All’incontro hanno preso parte rappresentanti del mondo sanitario, sportivo e dell’informazione. Tra i presenti anche il direttore del quotidiano Alto Adige, Valentino Beccari, a conferma dell’attenzione verso un tema che coinvolge non soltanto l’ambito agonistico ma anche aspetti culturali e sociali sempre più diffusi.

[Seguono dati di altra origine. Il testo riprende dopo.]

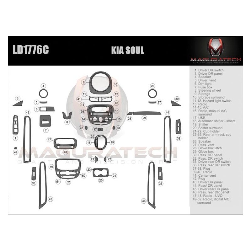 Our 'Flagship' product line comes packed with powerful features, including; 3MTM Primer-less Adhesive, Seam-Less Real Wood, Laser Blackened Edges, OEM ClearVUETM, OEM TruFITTM Engineering OEM Symbol Printing, Chrome Highlights, Logo Highlights, Matte Finishing. This kit is available in various trim finishes including real wood and synthetic wood grain, aluminum, real carbon fiber and synthetic carbon fiber. We do not use cheap paper thin materials, we only use GemFLEX Clear Coat on our product. Our premium clear coat features a thin profile, incredible flexibility & ultimate UV protection that continues to prove its durability, year after year after year. You can be sure our dash trim kits will not crack or yellow. We also have the single largest collection of 2D Dash Trim applications in the industry, dating all the way back to the 1960's. However, if you don't find your vehicle listed, you can use our Premium dash trim Dipping services to add a decorative finish to almost any factory part or contact us and our team is always willing to make custom dash trim kit for you.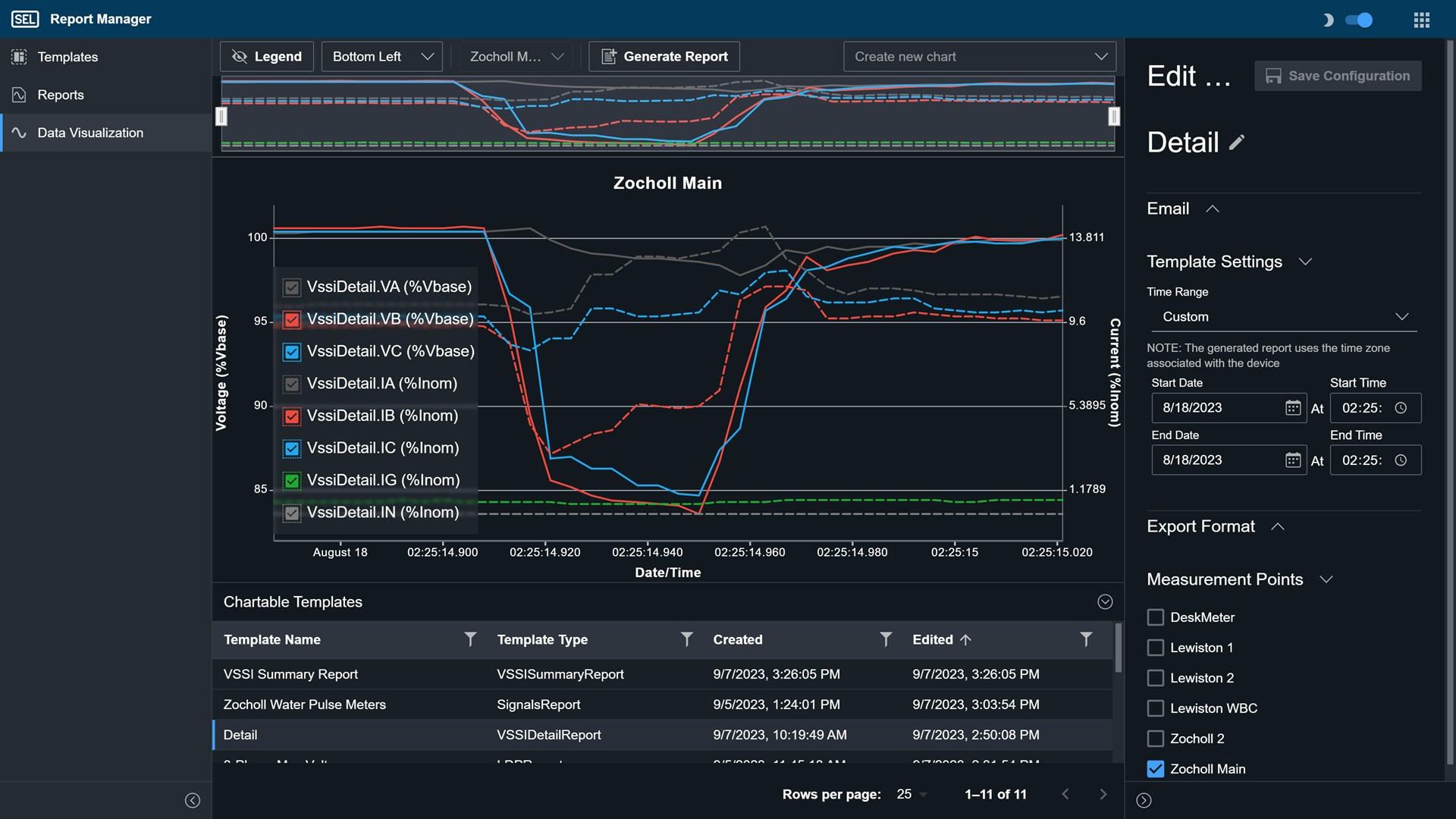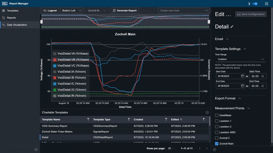 전압 처짐/부풀음/중단(VSSI), 부하 프로파일 데이터(LDP), WAGES(물, 공기, 가스, 전기, 증기) 소비 데이터 및 순차 이벤트 기록(SER) 데이터를 통합하여 시각화합니다. -

Sempre più spesso l’uso di sostanze dopanti non riguarda soltanto la ricerca della prestazione sportiva. Tra i fattori che incidono emergono anche pressioni sociali, aspettative personali e modelli estetici percepiti come irraggiungibili. Un fenomeno che coinvolge in particolare giovani e sportivi dilettanti, spesso esposti a informazioni non corrette diffuse attraverso social network, web e passaparola.
«Lo sport dovrebbe darci forza e farci divertire, non metterci sotto pressione», ha sottolineato Peter Brunner, assessore provinciale allo Sport. Anche Josef Widmann, direttore sanitario dell’Azienda sanitaria, ha richiamato l’attenzione sui rischi per la salute: «Molte persone non sanno cosa assumono e possono andare incontro a problemi molto seri». Tra gli obiettivi del progetto ci sono formazione, informazione e prevenzione per promuovere uno sport più consapevole e responsabile.